The 35mm format is excellent for reversal-to-Ilfochrome printing if you adopt an holistic approach to quality from image conception to finished frame job and display. Working within its limits and using the best quality optics you can afford, I am absolutely certain people can do the same thing I am doing with 35mm, if only they adopt the discipline and drive. A lot of people think my framed 30x45cm Ilfochromes were shot with large format, but no — not ever.
I am not a fan, never have and never will be, of the reversal-to-scan and print methodology — lasers, inkjets, Pegasus or whatever they call it. Gamut loss from the reversal palette to RGB is too great and bothersome to try and correct.

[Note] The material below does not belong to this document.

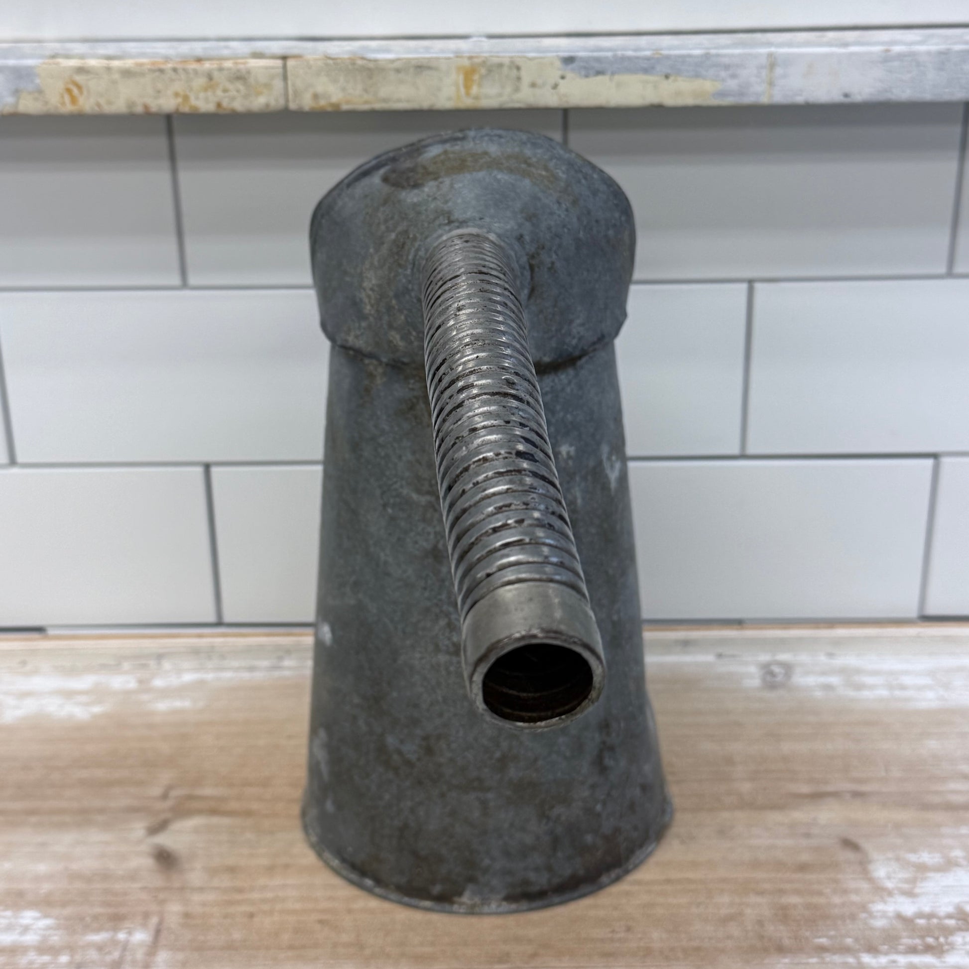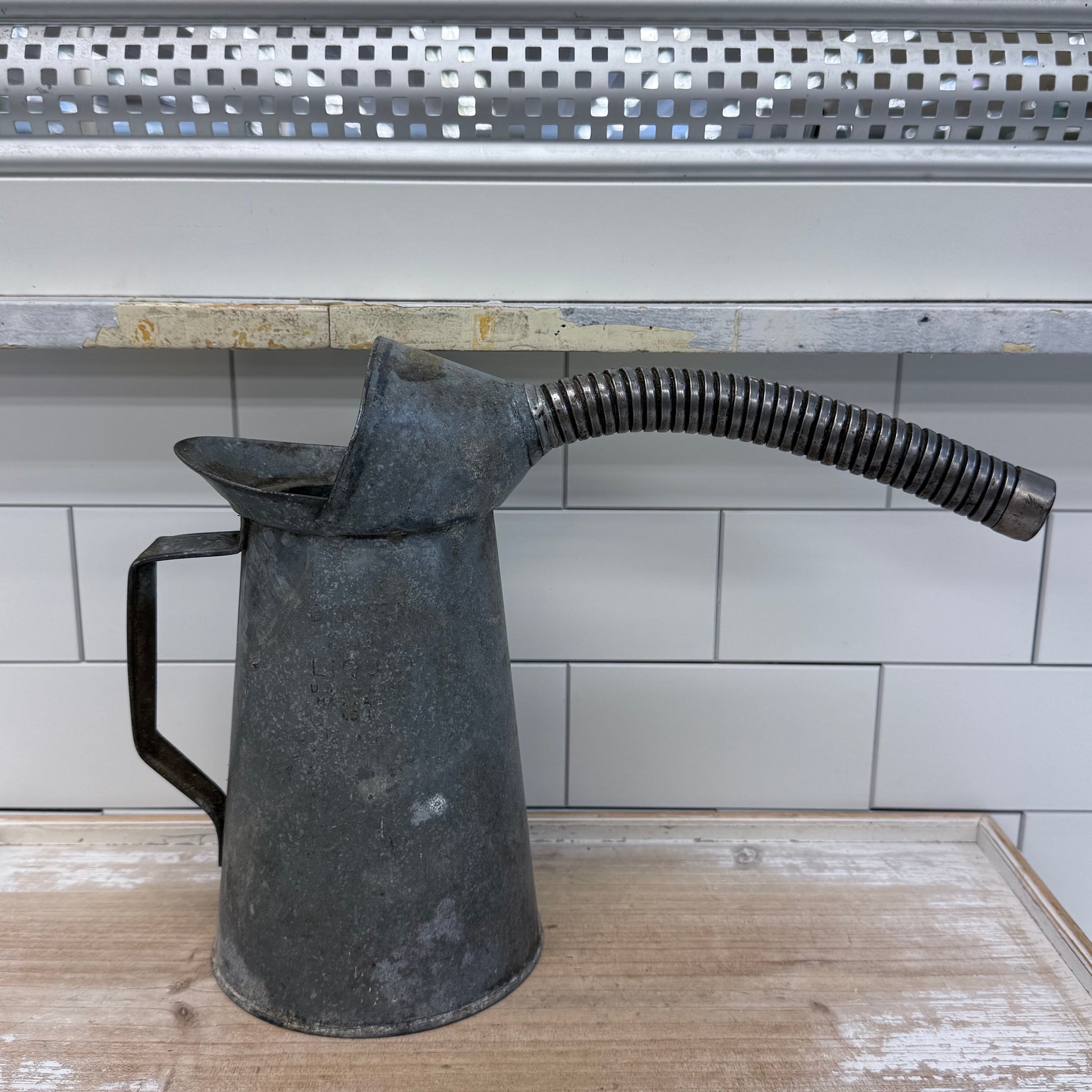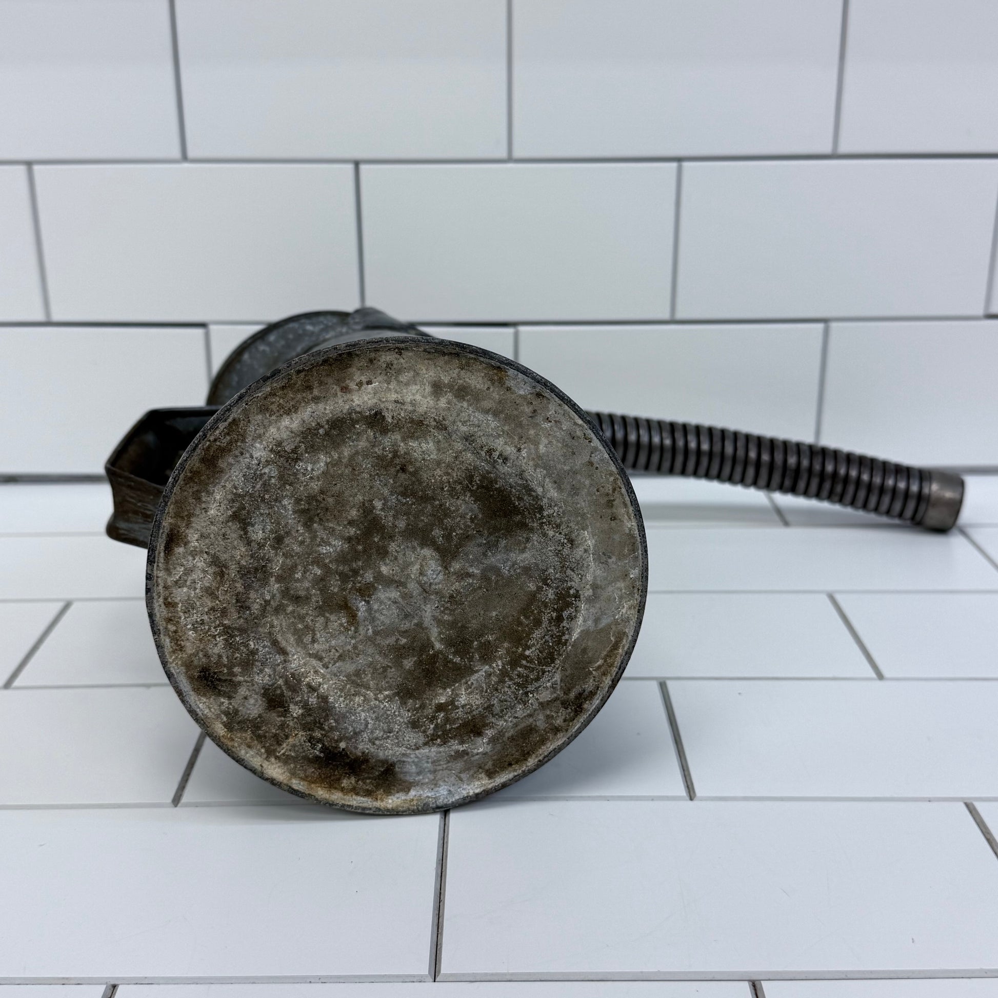 Keywords: Dover oil can, galvanized oil can, flexible spout, vintage tools, 2-quart pitcher, industrial décor, collectible oil can, maker’s mark, farmhouse accessory, retro workshop item

Only Ilfochrome will carry through the image faithfully.
Correcting some odd observations, large format lenses do have the defining edge in resolution and linear sizing for printing, but how many people actually print to the enormous Ilfochrome image sizes from large format — which is to say, getting the very, very, very best result from their investment? Here in Australia, I know of some very, very wealthy photographers who print mega-expensive panorama Ilfochromes from 6x12cm. Good on them. Way to go. The whole point of shooting reversal film, especially, on large format is lost — a travesty — if you only scan and output to inkjet, laser or whatnot, too often as an after-thought to a lot of effort. If big Ilfochromes from LF don't appeal, stick with 35mm and work within your budget and the format's boundaries.